We have reservations for Feb 2012 for MOC and the Wailea Marriott.  We were planning on renting a car for the entire 2 weeks we will be there, but are stunned by the costs we could incur related to having a car.  We understand that it is high season, so we expected the rental costs to be steep and were more or less prepared to pay whatever it took (we will keep looking for the best rate until we leave).  

What is really killing us are the hotel fees.  First, the hotel charges $25/day for parking.  And we just got an email from the hotel saying they are instituting a "resort fee" of $30/day.  So, our "free" stay at the hotel (via certificates) could cost us $55/day (plus taxes, whatever they are).    

This will be our third trip to Maui, so we aren't planning a lot of sightseeing.

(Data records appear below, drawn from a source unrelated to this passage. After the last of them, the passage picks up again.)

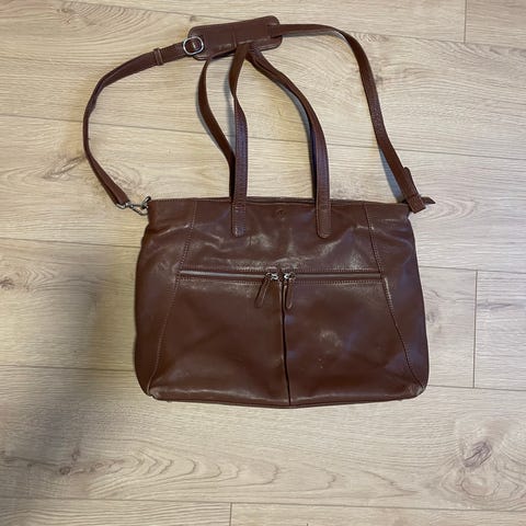 Tasken er brugt men i god og funktionel stand med mindre brugsspor. Lynlåse og rem fungerer som de skal – se billeder.
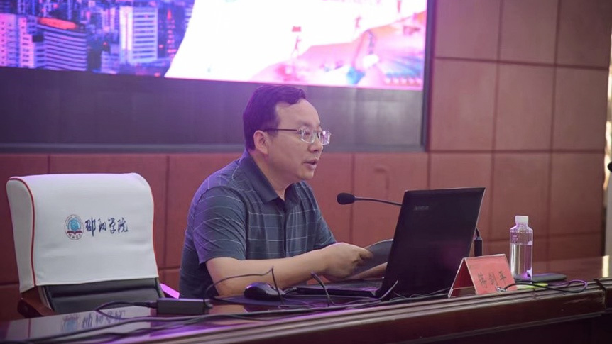 6月16日下午,校党委委员、副校长蒋剑平教授在七里坪校区润德楼报告厅以《走好中国式现代化之路》为题讲授主题教育专题党课。设计艺术学院院长汪碧波主持,护理学院和设计艺术学院班子成员、师生党员、入党积极分子及部分22级学生参加。
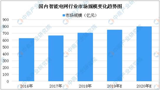 智能電網(wǎng)行業(yè)前景廣闊 自從2009年中國(guó)國(guó)家電網(wǎng)公司公布智能電網(wǎng)計(jì)劃以來(lái),如今已經(jīng)走進(jìn)了第三階段,即引領(lǐng)提升階段。智能電網(wǎng)是當(dāng)今世界電力、能源產(chǎn)業(yè)發(fā)展變革的體現(xiàn),是實(shí)施新的能源戰(zhàn)略和優(yōu)化能源資源配置的重要平臺(tái)!盎ヂ(lián)網(wǎng)+”的風(fēng)口下,智能電網(wǎng)必將開(kāi)啟能源與互聯(lián)網(wǎng)有機(jī)結(jié)合的大門(mén),智能電網(wǎng)布局也成為了國(guó)家搶占未來(lái)低碳經(jīng)濟(jì)制高點(diǎn)的重要戰(zhàn)略措施。 隨著智能電網(wǎng)行業(yè)的高速發(fā)展,據(jù)預(yù)測(cè),到2020年我國(guó)智能電網(wǎng)行業(yè)市場(chǎng)規(guī)模將近800億元,智能電網(wǎng)行業(yè)前景十分廣闊。
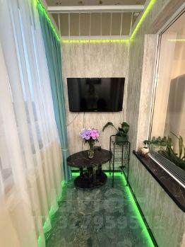 Лоджия полностью утеплена. Произведена замена окон на металлопластик фирмы REHAU 70мм, с двухкамерными, мультифункциональными ст/пакетами. Украшена элементами подсветки. Тёплый пол, керамогранит. Изготовлен по заказу раскладной диван. Получилась дополнительная мини комната для отдыха.
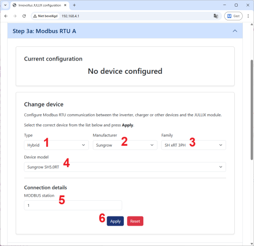In de Jullix of Extender moet de omvormer communicatie nog geconfigureerd worden.
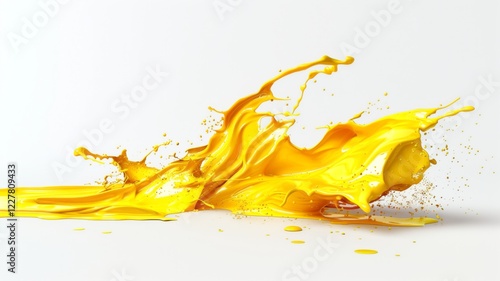 Glossy yellow paint splash forming fluid and dynamic shapes against
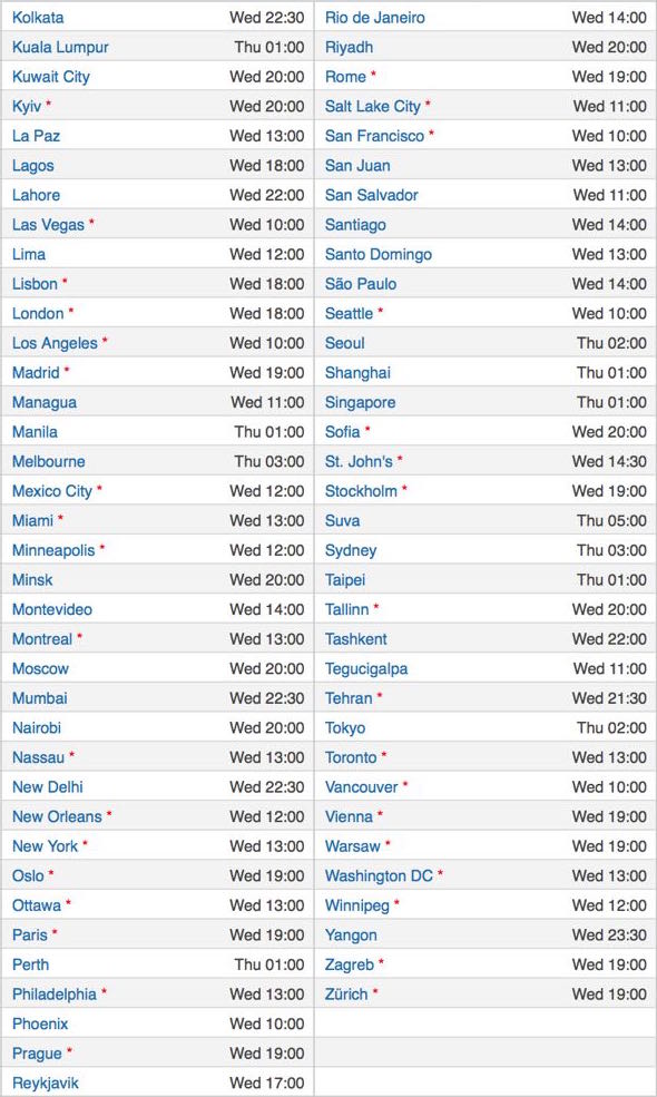 Lansarea iOS 9 va fi simultana in toate tarile de pe glob, astfel ca ora 20:00 in Romania va corespunde unei alte ore din Europa sau de pe alt continent, asa ca imaginea de mai jos are rolul de a va ajuta sa va orientati mai usor pentru a putea descarca actualizarea cand apare.
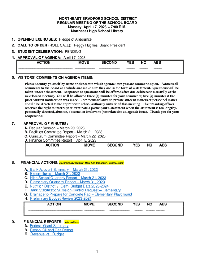 Minutes from the regular meeting of the Northeast Bradford School District Board held on April 17, 2023, including agenda items, financial actions, personnel items, and reports of various committees.

We do plan to go whale watching while at MOC, but are mostly looking for R&R, to include some golf, while at the hotel.  So, we are wondering if we really need to have a car for the 10 days we are at the hotel...we are thinking of using taxis to get there and back to the airport, and when we need to go somewhere, maybe renting a car for just a day here and there.  But, we have no idea what taxis tend to run.  Any thoughts?

Also, regarding the "resort fee"...does anyone know what these fees tend to cover?  No information was provided in the email they sent, except for a vague mention of "resort activities and benefits".  Since we made the reservation prior to the policy change establishing the fee, we can opt out of it, and pay a la carte.  But since we have no idea what the fee might cover OR what the a la carte prices would be for the activities/benefits, we don't know what to think at this point.  So, does anybody know anything about these fees?  

Any advice/thoughts/suggestions will be appreciated!


----------



## DeniseM (Apr 16, 2011)

It's a long way from the airport to the hotel.  A taxi will be very expensive - be sure you figure that in.  A shuttle would probably be a better deal.

Can you cancel your hotel and rent from a Tugger instead?  A timeshare will not have such high fees.


----------



## Ken555 (Apr 17, 2011)

Many of the resort fees at resorts include parking and Internet access, for instance. Not sure about Hawaii, though... Parking could be extra, but I'd be surprised if it didn't include the Internet. And, they'll probably say it also includes gym or spa access, which was probably no charge (or low cost) before this new "benefit". Not knowing which resort your at makes it difficult to know for sure, but this is my guess.


----------



## DeniseM (Apr 17, 2011)

Kan - $25 for parking + resort fee of $30.


----------



## tiel (Apr 18, 2011)

To tie up the loose ends:

I called the phone number provided "Should (we) have any questions" in the email, which was customer support for Marriott Rewards.  The representative had no specific information on the resort fee at the Wailea, but said if we chose NOT to pay it, we would not have access to resort amenities such as restaurants, the spa, the gym, etc.     At this point, I knew she had no idea what she was talking about, so I decided to call the resort directly, which I should have done in the first place.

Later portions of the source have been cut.